A reranker basically inserts between the regular vector search and you. After the vector search has found the most relevant entries in your database using a nearest-neighbor search (and it does so very quickly!), the reranker then goes more deeply (and slowly) into the candidates and determines which ones are actually relevant, re-ordering them.
And that’s basically it! The basic use case is extremely simple. All the magic lie in the algorithms and math. As such, it was a bit scary for me to approach. Despite being comfortable with deep technical topics of all shapes and sizes, inherently mathematical problems still scare me.
Let’s approach the problem top-down then, notebook-style, and see where we end up.
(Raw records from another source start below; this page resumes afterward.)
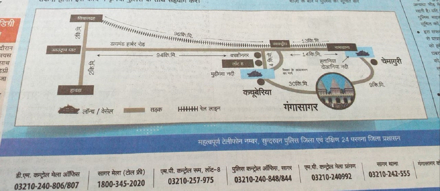 कोलकाता. सारे तीरथ बार-बार गंगासागर एक बार, यह लोकोक्ति यूं ही नहीं प्रसिद्ध है। हवाई, रेल या सड़क मार्ग से गंगासागर सीधा नहीं जुड़े होने के कारण सफर अब भी आसान नहीं है पर कुछ सुगम जरूर हो गया है। पश्चिम बंगाल की राजधानी कोलकाता से सागरद्वीप करीब 130 किलोमीटर दूर है। विमान से आने वालों को महानगर के नेताजी सुभाष चन्द्र बोस एयरपोर्ट पर उतरना पड़ेगा, वहां से सड़क मार्ग से दक्षिण 24 परगना जिले के काशीनगर, लॉट न. 8 पहुंचना होगा। वहां से लांच या वेसेल से मूड़ीगंगा नदी पार कर कचूबेडिय़ा, फिर कचूबेडिय़ा से किसी वाहन से करीब 30 किलोमीटर दूर गंगासागर तट पर पहुंचा जा सकता है। ट्रेन से आने वालों को हावड़ा या सियालदह स्टेशन उतरना पड़ेगा। अगर कोई ट्रेन से आगे का सफर जारी रखना चाहता है तो उसे सियालदह साउथ सेक्शन से काकद्वीप तथा नामखाना स्टेशन जाना पड़ेगा। नामखाना स्टेशन से चेमागुड़ी आकर लांच या वेसेल से गंगासागर पहुंचा जा सकता है। इसी तरह हावड़ा से पहले बाबूघाट पहुंचना पड़ेगा। बाबूघाट से बस करीब 94 किलोमीटर दूर काशीनगर, लॉट न. 8 पहुंचा देगी।
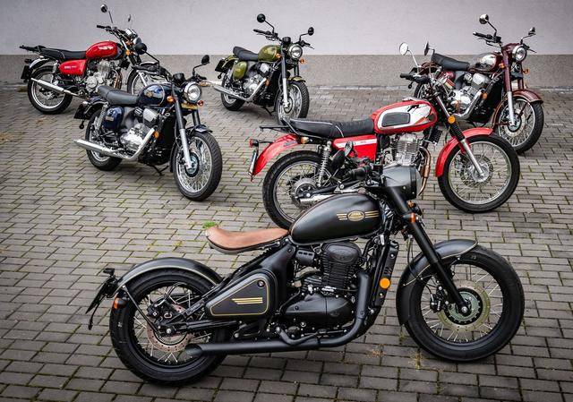 下圖:搭載風冷單氣缸、排氣量 334 cc 發(fā)動機的 2024 JAWA 350 系列。車型包括了單座位的 350 CL Bobber、350 CL Perak,以及復古街車款的 OHC 350、OHC 350 Sport。
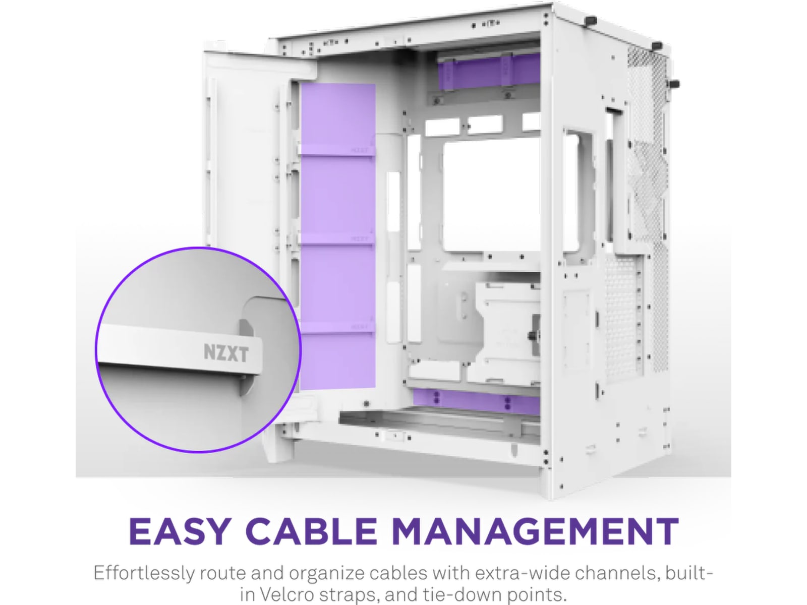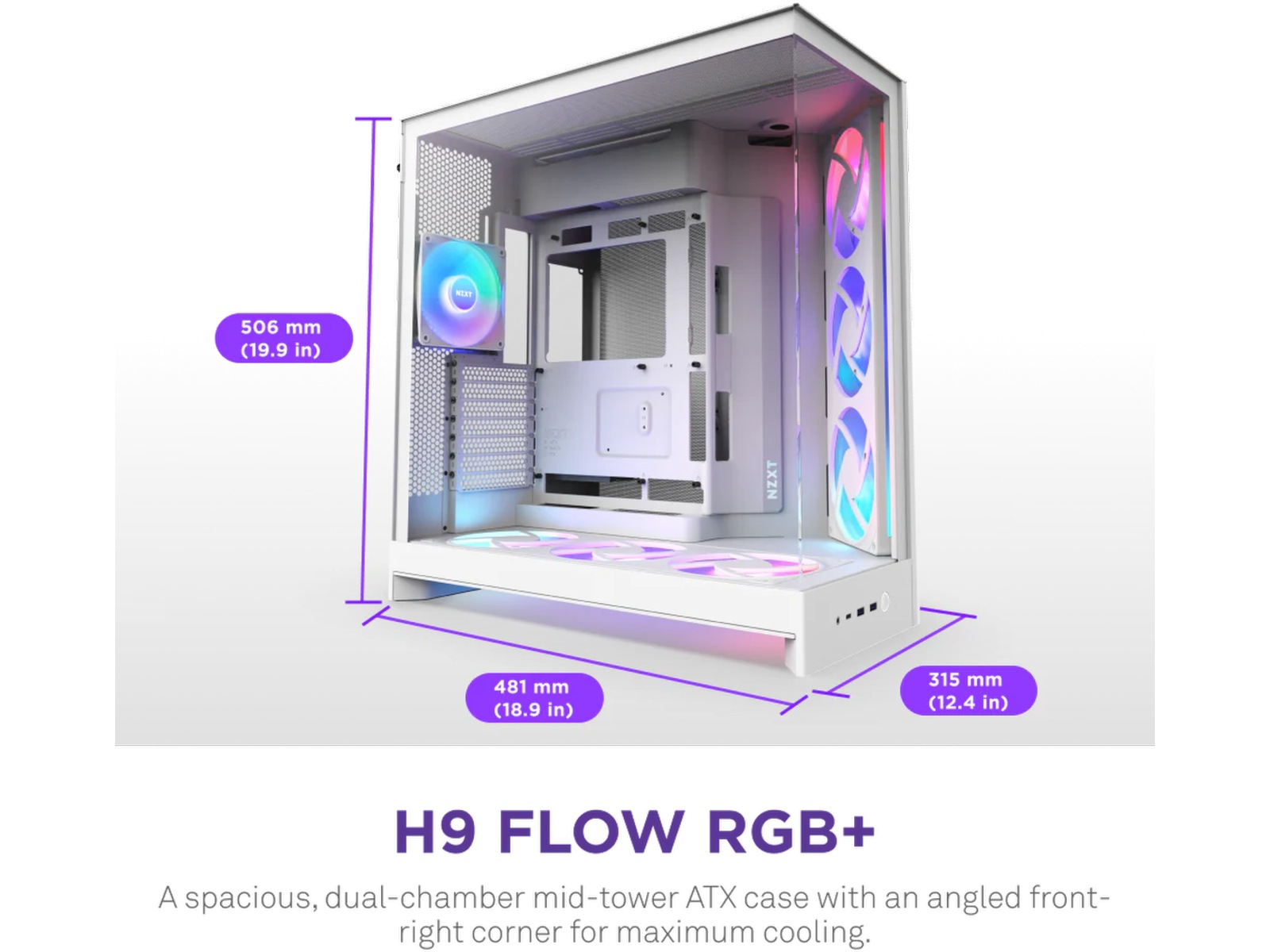 H9 Flow er et romslig mellomstore ATX-kabinett designet for bygg med høy ytelse, som balanserer luftstrøm og estetikk. Dens dobbeltkammerdesign forbedrer kjøling og kabelhåndtering, mens perforerte paneler, vinklete vifter og rikelig støtte for vifter og radiatorer gir optimal termisk ytelse.
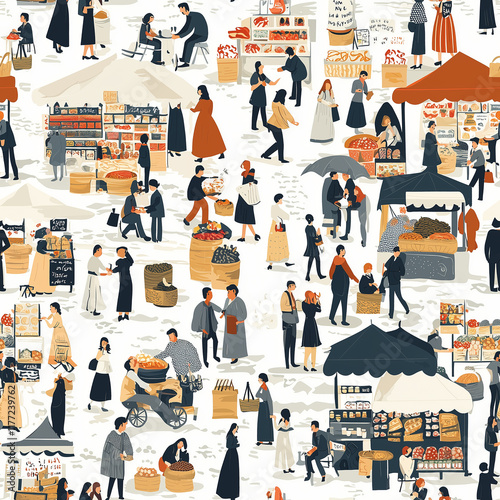Obraz premium Toile de jouy seamless pattern featuring market scenes vibrant marketplace digital art urban environment aerial view cultural heritage
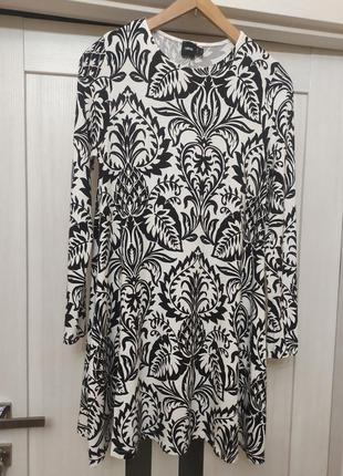 Состояние новой вещи. Фасон трапеция. Ткань очень хорошо тянется.На ярлычке UK10, EU38, US6. По замерам в спокойном разложенном состоянии: плечи-35см, от подмышки до подмышки полуобхват 42 см. Бедра свободно трапецией.Рукав от плеча 60 см. Длина общая 80см. Выглядит эффектно и стильно.
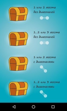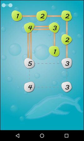 Hashi: Building Bridges – хорошенькая головоломка на базе андроид, разработанная по подобию известной игрушки Hashiwokakero. В данном проекте твоя основная цель будет соединять между собой острова расположены в океане мостами. На каждом островке указано количество мостов, которые можно выстроить. Выстраивай мости и смотри непосредственно за тем чтобы они не пересекались между друг другом и создавали непрерывную связь между самими островками. Проект порадует пользователей лёгким и ясным руководством, а еще способностью обучения в определенном режиме. Каждый уровень данного проекта имеет всего единственное решение, так что хорошенько подумай над каждым шагом и разреши сложную головоломку. В проекте есть парочка уровней сложности и моделей головоломки, а еще свыше двух тысяч задач. Игрушка русифицирована.
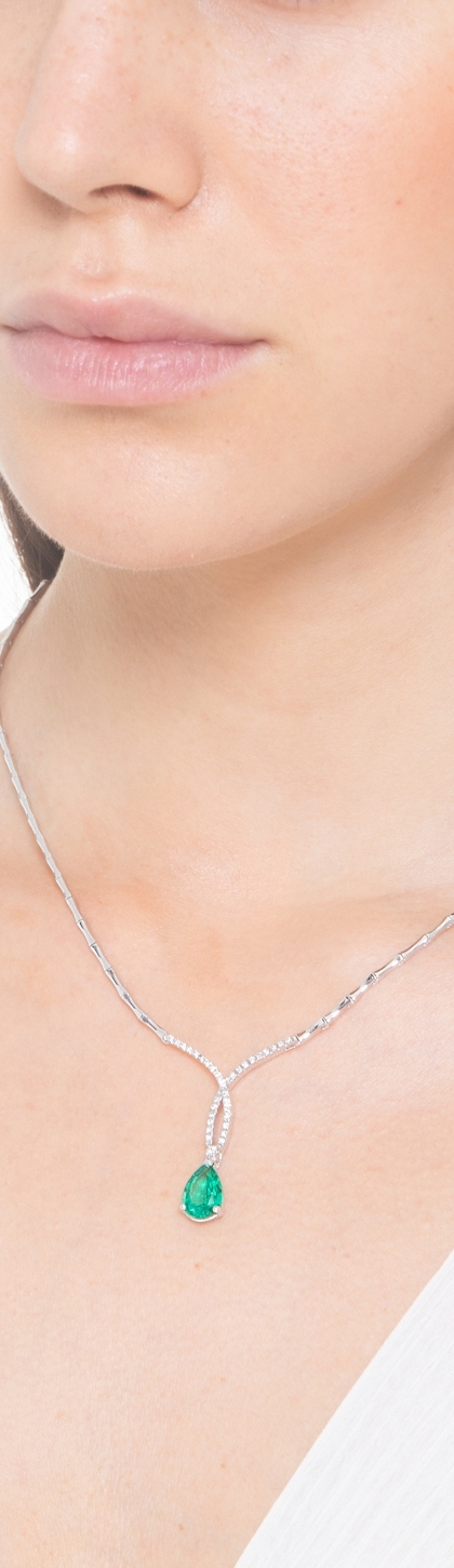 Collana semirigida in Oro Bianco 18k con smeraldo a goccia e diamanti.
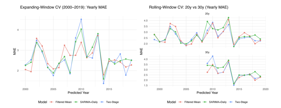As shown in Figure 2, this research compared expanding-window CV enlarged training data yearly from 2000 and rolling-window CV with fixed sample sizes of 20 and 30 years for the top three best-performing models. Despite similar overall performance across the three approaches, the Two-Stage Regression and Filtered Mean method outperformed the SARIMA+Typical Day reconstruction model. The fluctuation of MAE is evident in all three subplots for 2010, as the winter of 2009-2010 experienced a climatic anomaly known as the "Big Freeze" [14]. This suggests the models have both strengths and weaknesses.

I wrote a whole bunch of code to understand this problem, but I’ll try to distill it for you. Still, this is more code than I would usually share, and I also published it in a repository you can browse on your own time. I will abbreviate some code, like the data loading, and remove most type annotations in the snippets. In the repository you will find the entirety of the code including scaffolding for testing it.
I’m writing this blog post in Glamorous Toolkit, so I will set the scene by installing the requirements, GT-style. You can also add them via pip
or poetry
, of course.
PBApplication uniqueInstance installModule: 'sentence-transformers==3.0.1'; installModule: 'numpy==2.0.0'
Now that we’ve got this out of the way, let’s think about a data model. In this example, we’ll look at documents that have a bit of meta-information. This is not strictly necessary, but will help us with our reranking demo, and mimics a lot of real-world applications.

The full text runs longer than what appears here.